● Stored data

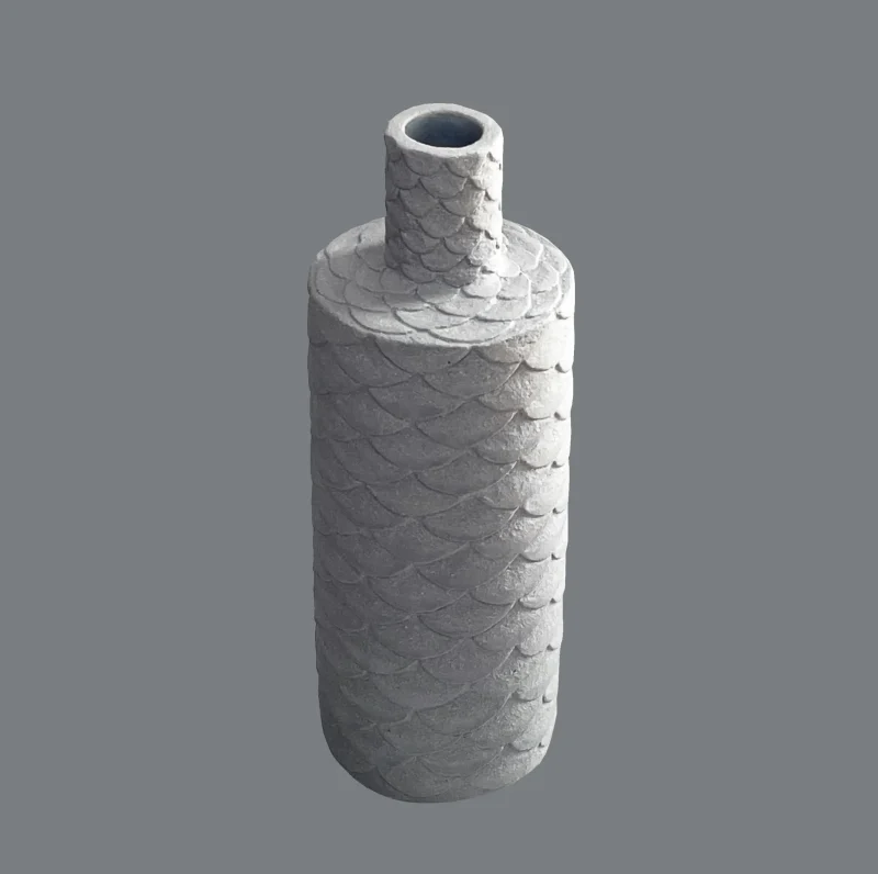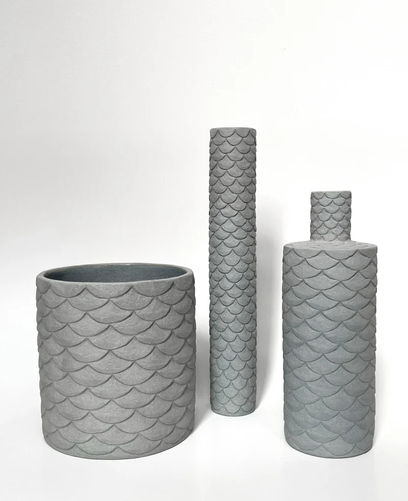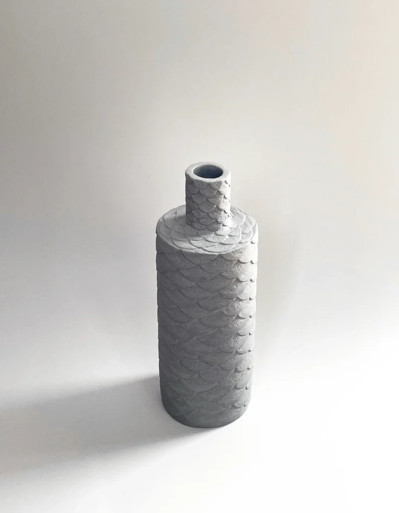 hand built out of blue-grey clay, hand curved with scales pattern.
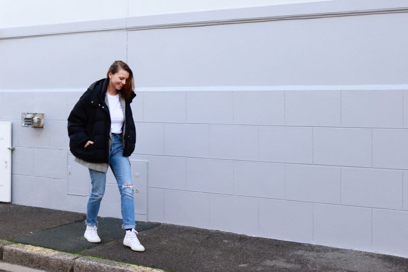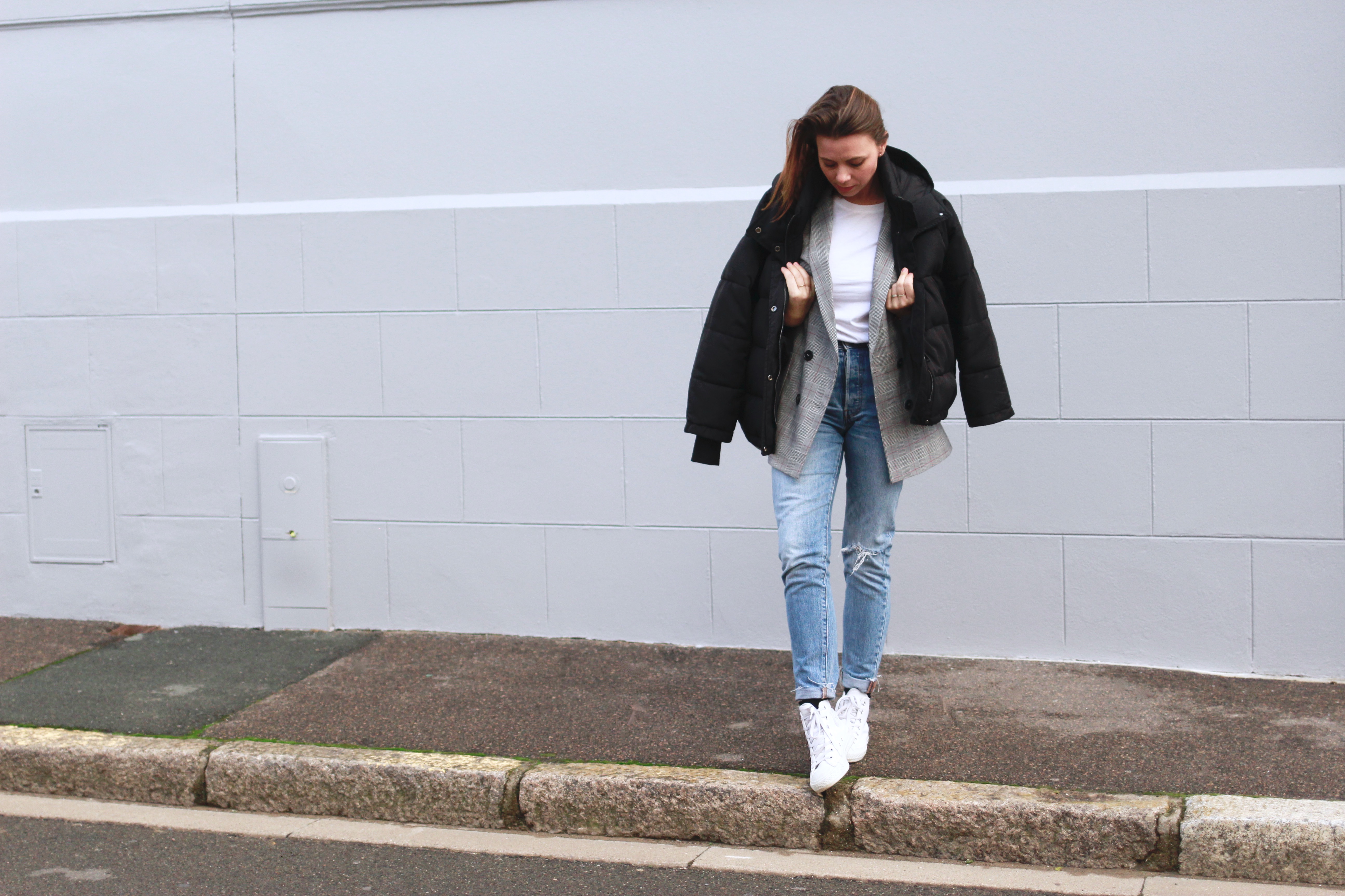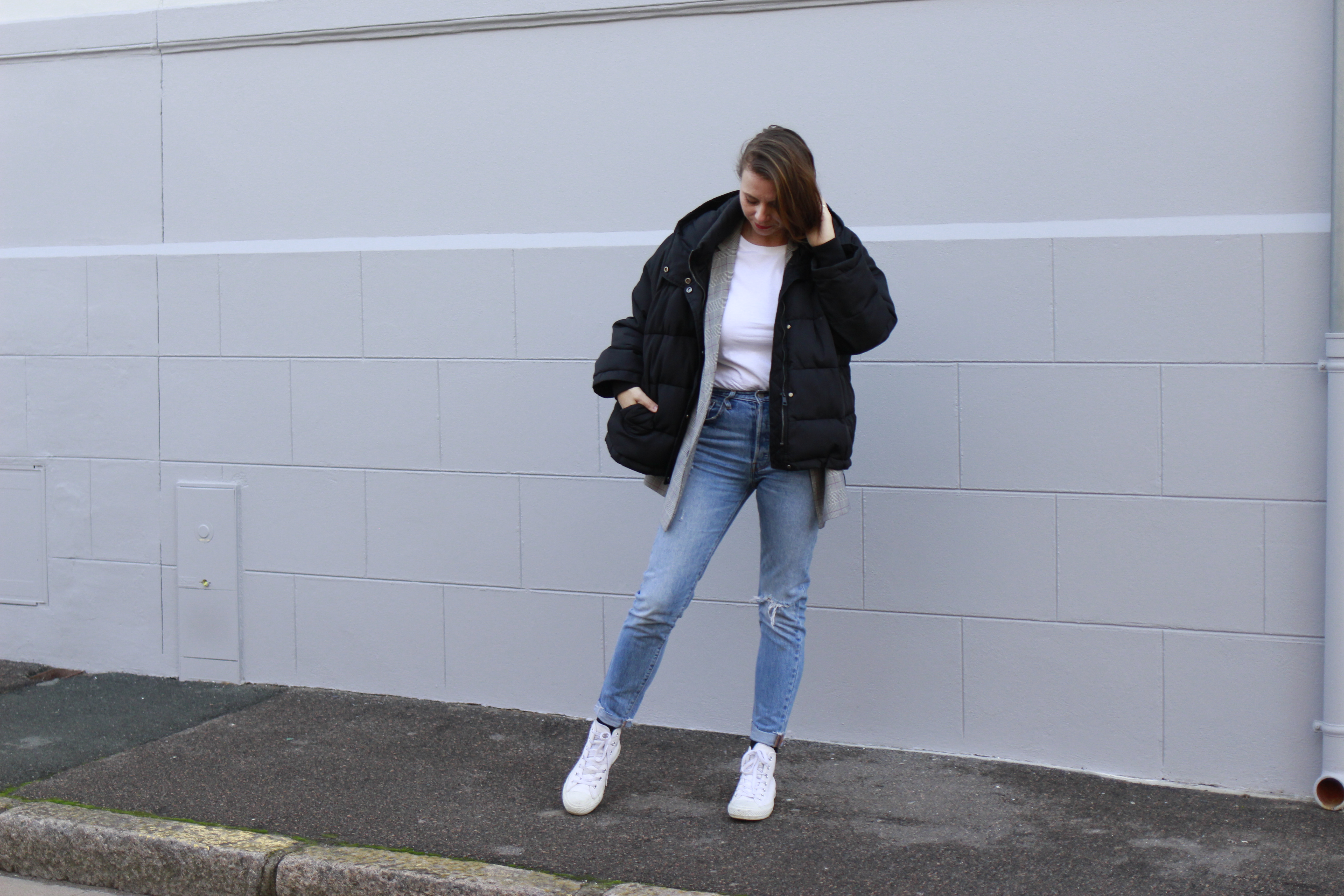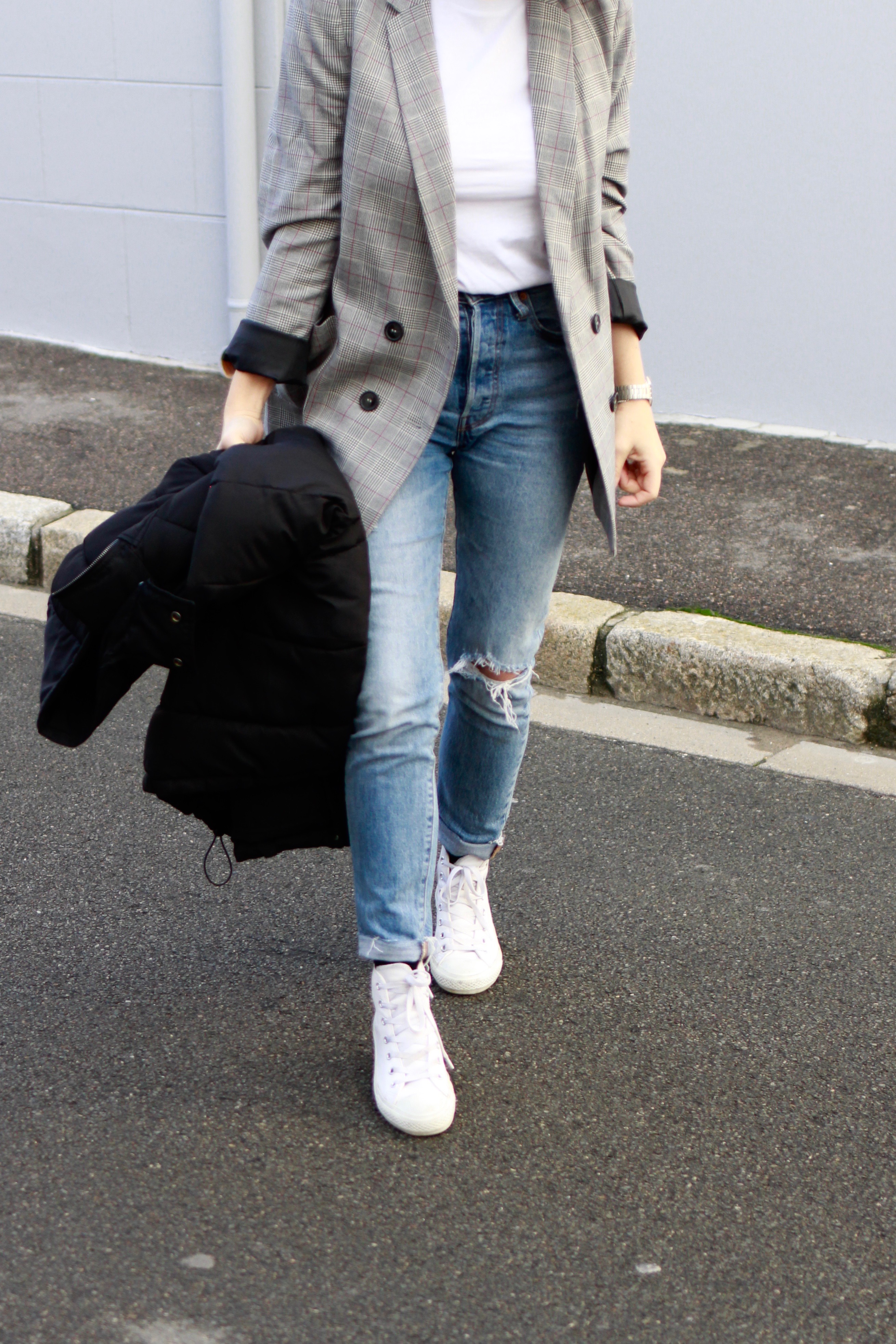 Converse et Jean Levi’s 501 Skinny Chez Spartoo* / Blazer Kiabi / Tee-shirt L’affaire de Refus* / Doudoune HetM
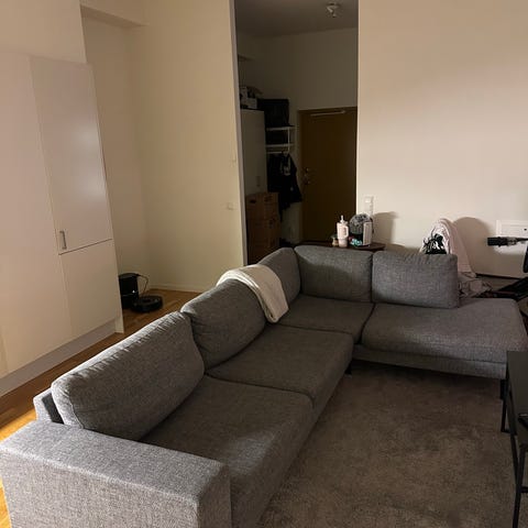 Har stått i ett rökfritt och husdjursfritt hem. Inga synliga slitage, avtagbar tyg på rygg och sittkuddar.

● Work required
The line containing "Converse et Jean" marks the end: retype every line from the first one in the listing up to and including it, without pictures.

● Exercise output
 hand built out of blue-grey clay, hand curved with scales pattern.
 Converse et Jean Levi’s 501 Skinny Chez Spartoo* / Blazer Kiabi / Tee-shirt L’affaire de Refus* / Doudoune HetM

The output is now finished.